- Task description -
Reproduce exactly the lines from the one containing "105x45x195 cm (LxPxH)" through the end of the listing, minus the pictures.

═══ Raw data

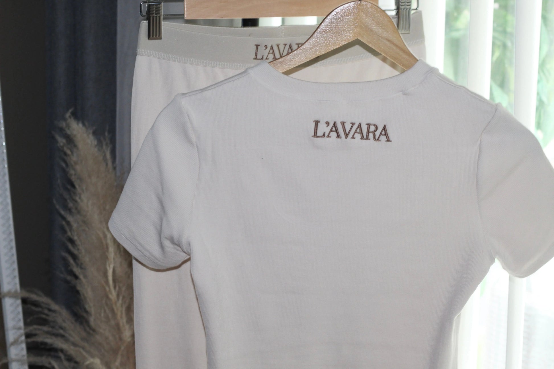 The Oat Milk Lounge Set by L’Avara & Co. is designed for the woman who wants to feel luxurious even on her softest days. Made from a ribbed stretch fabric that hugs you in all the right places, this elevated two-piece includes a short sleeve top and high-waisted leggings—complete with the L’Avara name stitched in soft focus elegance.
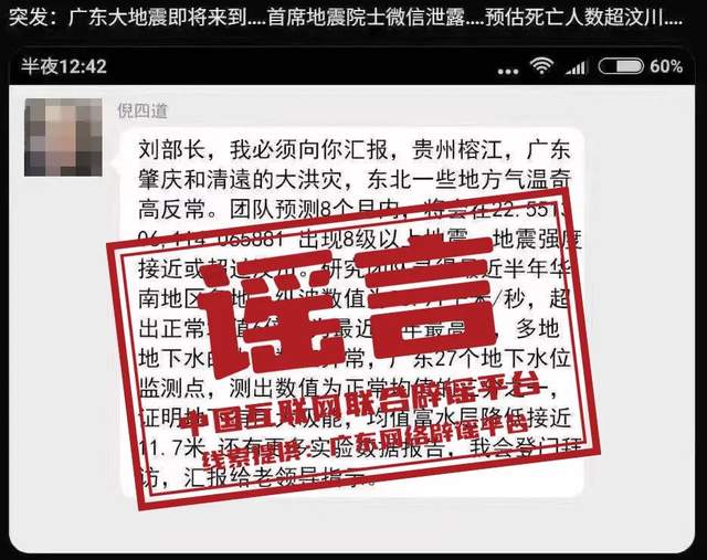 辟謠:網(wǎng)傳院士預(yù)測廣東將發(fā)生8級以上大地震?謠言!已報警
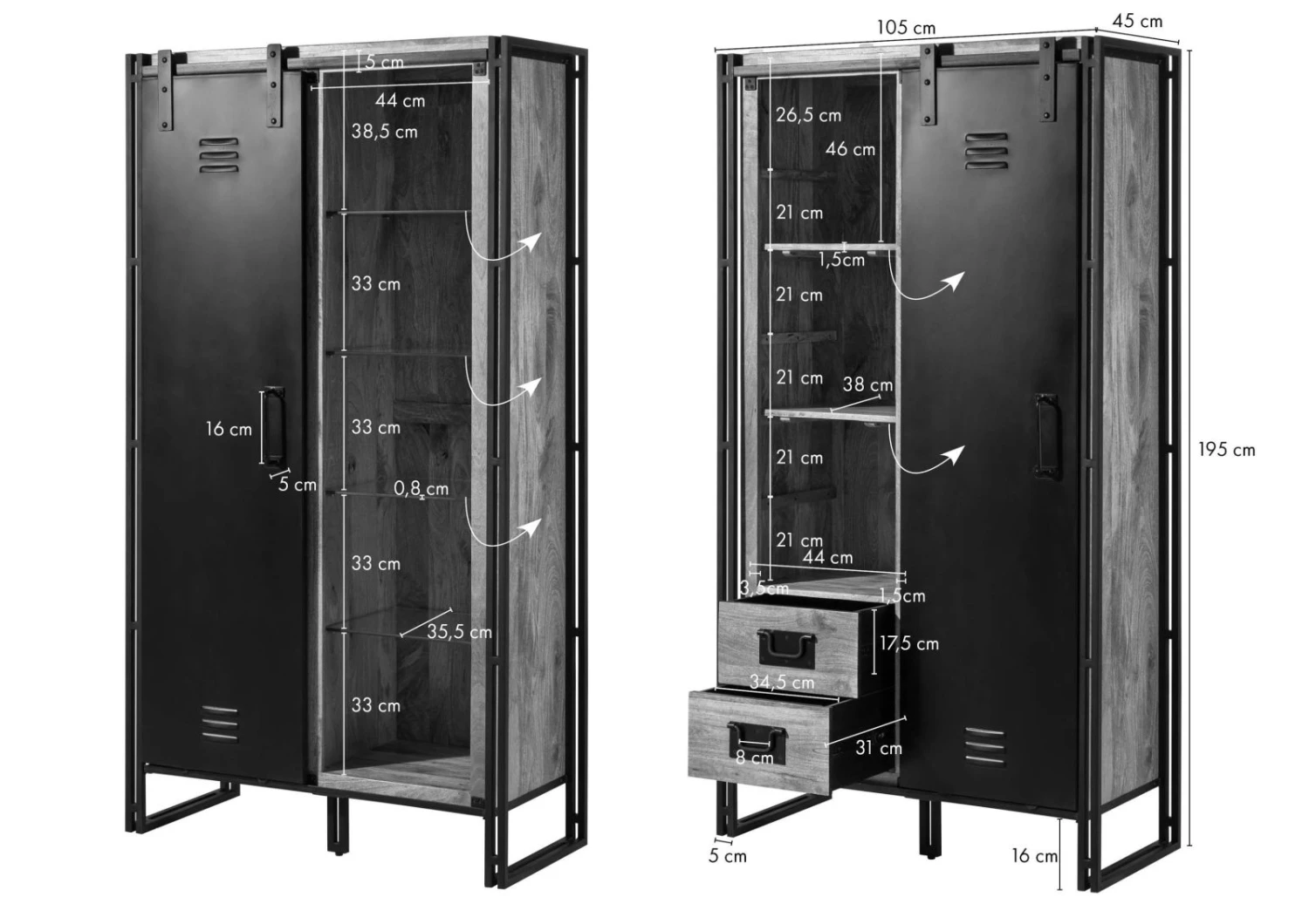 105x45x195 cm (LxPxH)
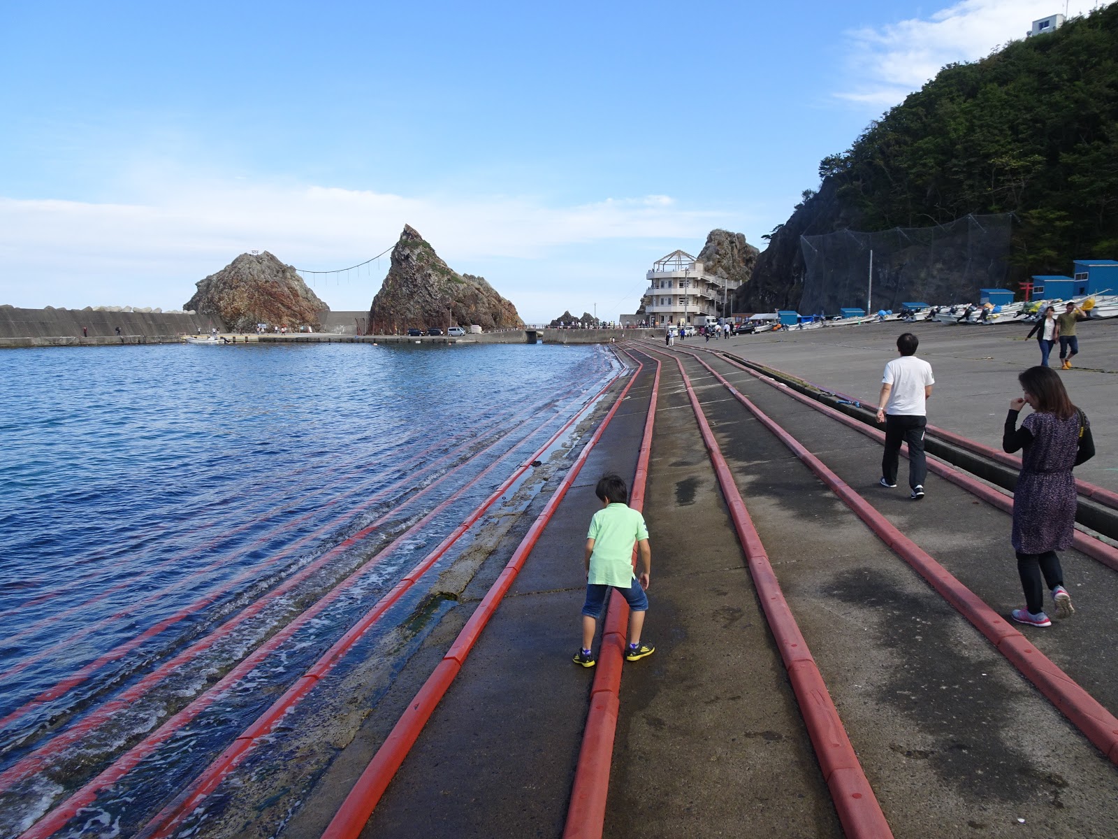次は車で絶景の海岸沿いの細い道を通って、袖が浜漁港のモデルである小袖漁港にやってきました。昨年まではマイカー規制がされていたそうですが、今年は大丈夫です。
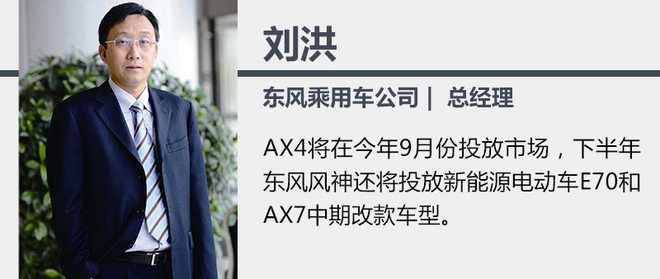東風(fēng)風(fēng)神全新小型SUV車型AX4已于7月3日在武漢正式下線,在下線儀式上,東風(fēng)乘用車公司總經(jīng)理劉洪表示:“AX4將在今年9月份投放市場,下半年東風(fēng)風(fēng)神還將投放新能源電動車E70和AX7中期改款車型。”可以看出,SUV車型和新能源汽車將成為東風(fēng)風(fēng)神在今年下半年的“主旋律”。
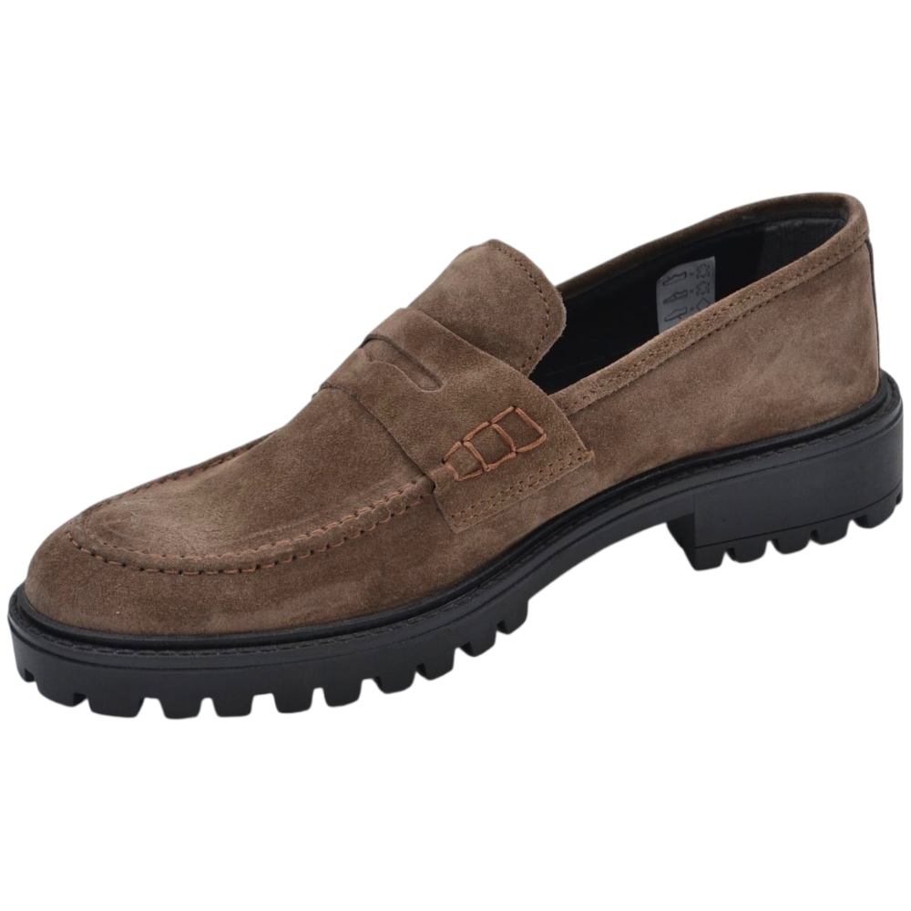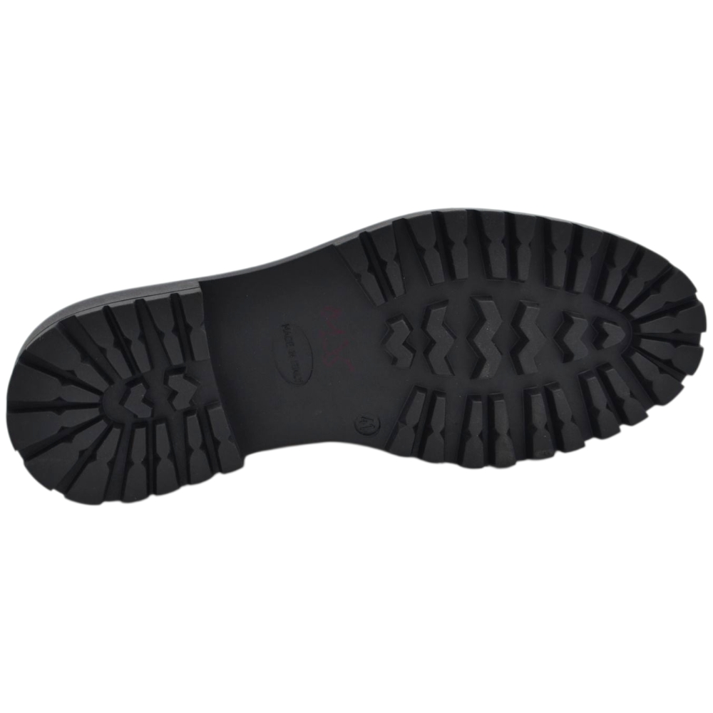 Scarpe mocassino uomo vera pelle abrasivato nero semilucido liscio con gomma alta ziglinata classico made in italy	.

══════

- Reply to the exercise -
 105x45x195 cm (LxPxH)
次は車で絶景の海岸沿いの細い道を通って、袖が浜漁港のモデルである小袖漁港にやってきました。昨年まではマイカー規制がされていたそうですが、今年は大丈夫です。
東風(fēng)風(fēng)神全新小型SUV車型AX4已于7月3日在武漢正式下線,在下線儀式上,東風(fēng)乘用車公司總經(jīng)理劉洪表示:“AX4將在今年9月份投放市場,下半年東風(fēng)風(fēng)神還將投放新能源電動車E70和AX7中期改款車型。”可以看出,SUV車型和新能源汽車將成為東風(fēng)風(fēng)神在今年下半年的“主旋律”。
 Scarpe mocassino uomo vera pelle abrasivato nero semilucido liscio con gomma alta ziglinata classico made in italy	.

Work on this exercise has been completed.